Exercise prompt:
Leave out the pictures and repeat every record exactly.

Collected data:
◆ ◆ ◆ ◆

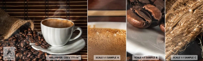 Fototapeten Muster Selbstklebend Deluxe Sticker - Die Schwärze von Kohle, die Klarheit von Bernstein - Gastronomie, Kaffee, Tasse Kaffee - 100x30 cm
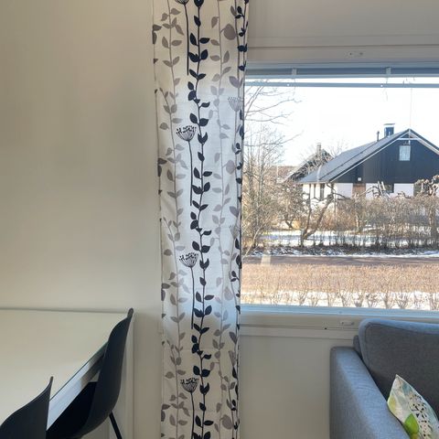 Yksivärinen valmisverho, vaalea, 100% polyesteri, siisti, ehjä, hyvässä kunnossa . Ompelu ylhäällä ja alhaalla
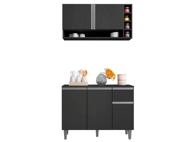 Kit Julieta Cozinha Balcão 3 Portas S/ Tampo + Aéreo 2 Portas Cinza - Bela Móveis
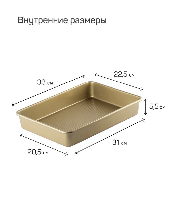 Размеры формы впечатляют: 34x23,5x6 см, что делает её идеальной для приготовления разнообразных блюд. Благодаря антипригарному покрытию, ваша выпечка никогда не пригорит и не прилипнет к стенкам формы.
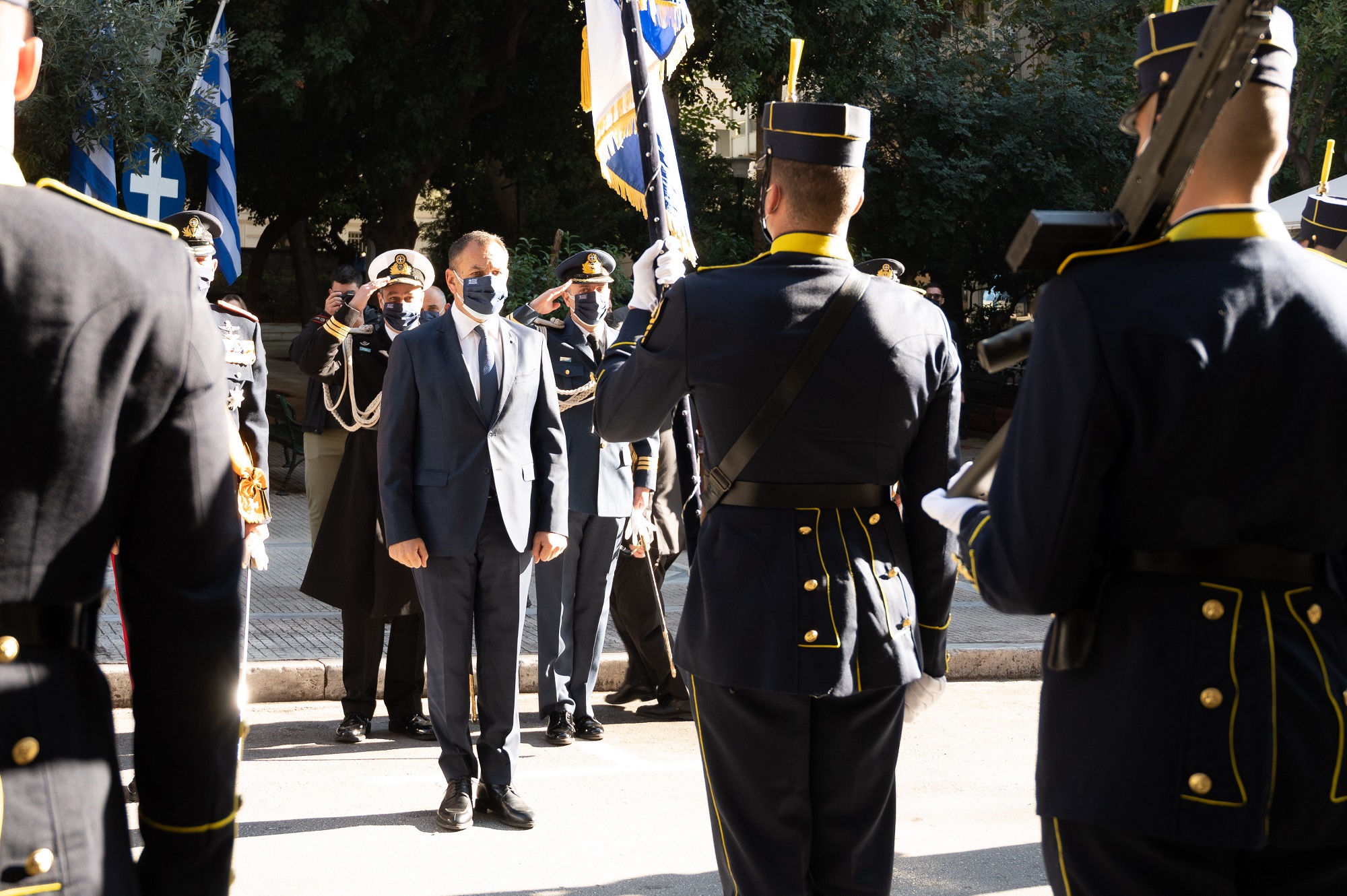 Defence Minister Nikolaos Panagiotopoulos attends the celebrations on the Armed Forces’ Day

◆ ◆ ◆ ◆

Task answer:
 Fototapeten Muster Selbstklebend Deluxe Sticker - Die Schwärze von Kohle, die Klarheit von Bernstein - Gastronomie, Kaffee, Tasse Kaffee - 100x30 cm
 Yksivärinen valmisverho, vaalea, 100% polyesteri, siisti, ehjä, hyvässä kunnossa . Ompelu ylhäällä ja alhaalla
 Kit Julieta Cozinha Balcão 3 Portas S/ Tampo + Aéreo 2 Portas Cinza - Bela Móveis
 Размеры формы впечатляют: 34x23,5x6 см, что делает её идеальной для приготовления разнообразных блюд. Благодаря антипригарному покрытию, ваша выпечка никогда не пригорит и не прилипнет к стенкам формы.
 Defence Minister Nikolaos Panagiotopoulos attends the celebrations on the Armed Forces’ Day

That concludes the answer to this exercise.